Sunday, February 7, 2010

Week 1 Reflection...

Weblogs, Blogs, and my new gmail account have kept me busy this week. I really wish that I could incorporate blogs into my curriculum in the near future, but after an interesting week on the technology front at my school, I don’t see that happening any time soon. The idea of a blog seems to be what I already can create in the form of a conversation in my classroom after we’re done reading a story or chapters from the class novel. Posing questions to a class on a blog would be less interactive than an actual conversation.
I read a slew of blogs this week to see what was out there. Everything from sports and entertainment blogs to my best friend’s blog, the infamous Ken Krayeske who asked Jim Calhoun about his salary this time last basketball season. And the one thing that held true amongst most of them were that the comments that followed the blog all seemed to be dated hours apart from each other, sometimes days, whereas a conversation that I would have with my students not only could be accomplished in “real-time” but would also let me steer the conversation in certain ways when need be.

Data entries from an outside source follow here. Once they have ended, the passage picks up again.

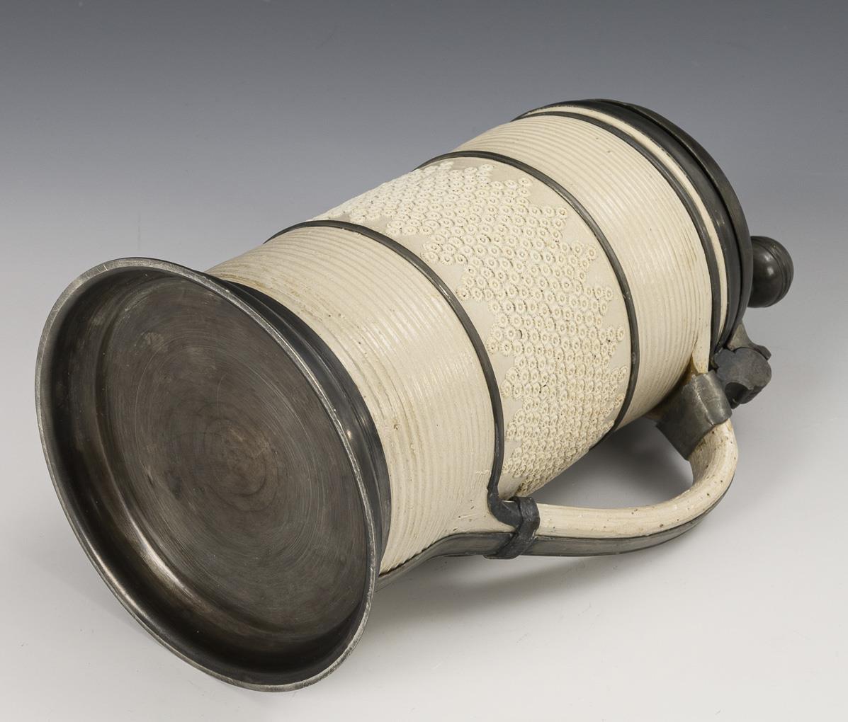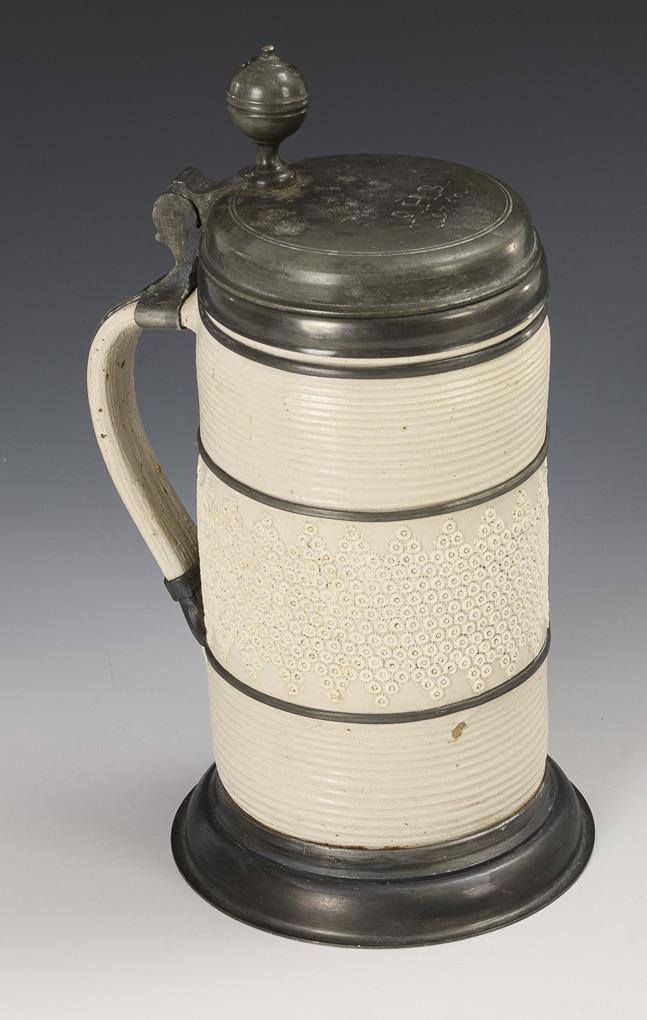 Cylindrical jug with strap handle, cross-groove and stamp decoration with surrounding rosette frieze. Pewter lid with spherical lid and engraving "AHB 1760", pewter straps, handle band and pewter stand. Haarriss on the base, partially minimally bumped.
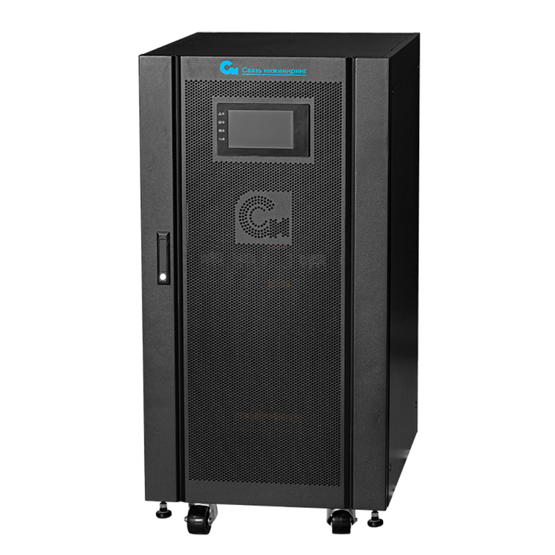 Трёхфазный Online источник бесперебойного питания СИП380А40БА.10-33/4АГ выпускается в России, 3 фазы на входе на выходе, мощность устройства составляет 40 кВА \ 40 кВт. Высокий коэффициент выходной мощности = 1 обусловлен топологией двойного преобразования. Это обеспечивает не только эффективную работу ИБП, но и абсолютную защиту питаемого оборудования от любых проблем с электропитанием. Для повышения отказоустойчивости СИП380А40БА.10-33/4АГ предусмотрен раздельный байпас, также бесперебойник хорошо выдерживает перегрузки. Трёхфазный источник бесперебойного питания работает от внутренних батарейных блоков, которые заряжаются мощным зарядным устройством, оно подаёт ток до 20 А. Компактный корпус выполнен в башенном форм-факторе, что позволяет установить ИБП даже в небольшом помещении. Уровень шума от системы активного охлаждения не превышает 64 дБ. На передней панели установлен сенсорный цветной ЖК дисплей с русским интерфейсом, с помощью него можно отслеживать состояние СИП380А40БА.10-33/4АГ и настраивать его режим работы. На задней панели находится клеммная колодка и слоты SNMP, USB, Modbus, dry contact, RS-232 и EPO.
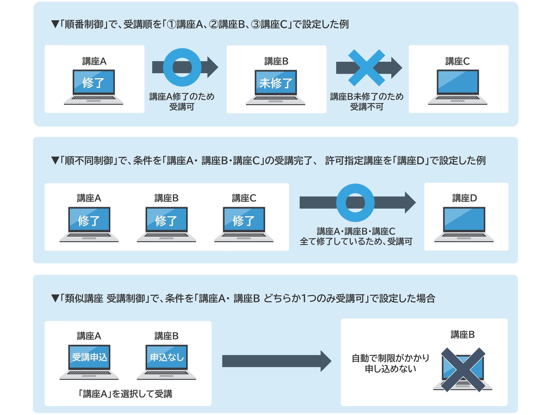 「コースウェア機能」及び「類似講座 受講制御機能」の詳細については、こちらをご覧ください。

I do think that blogs would be a great creative outlet for students and a place for the more soft spoken classmates to feel more comfortable participating and sharing their ideas. I’ve spent so much time arguing about how we use the technology in our school to prepare students for CMT tests that they’ll ultimately take with a pencil and paper, I hope that all the new ideas I go to her with won’t seem to far out there. I think that the best use for blogging amongst my students would be to share new information that they encounter for the connections that many are lacking because of an insufficient amount of meaningful prior knowledge. I mean that in the nicest way….really. They love to read and learn new things, but many of the 7th graders I’ve taught have had real difficulties making valid connections with the type of vivid imagery and details that would knock the scorer’s pants off. If students were given a few guidelines and the proper websites to start at, the possibilities of where their minds could take them, and in turn where they could take their classmates would be meaningful learning experiences that they could all share with each other.
The blog could ultimately be a place where they could share ideas and give suggestions to classmates that might otherwise hold their comments to themselves in class. A blog would give them some time to digest their thoughts on the different topics before responding to any of their classmates. The blog could make it more on their time.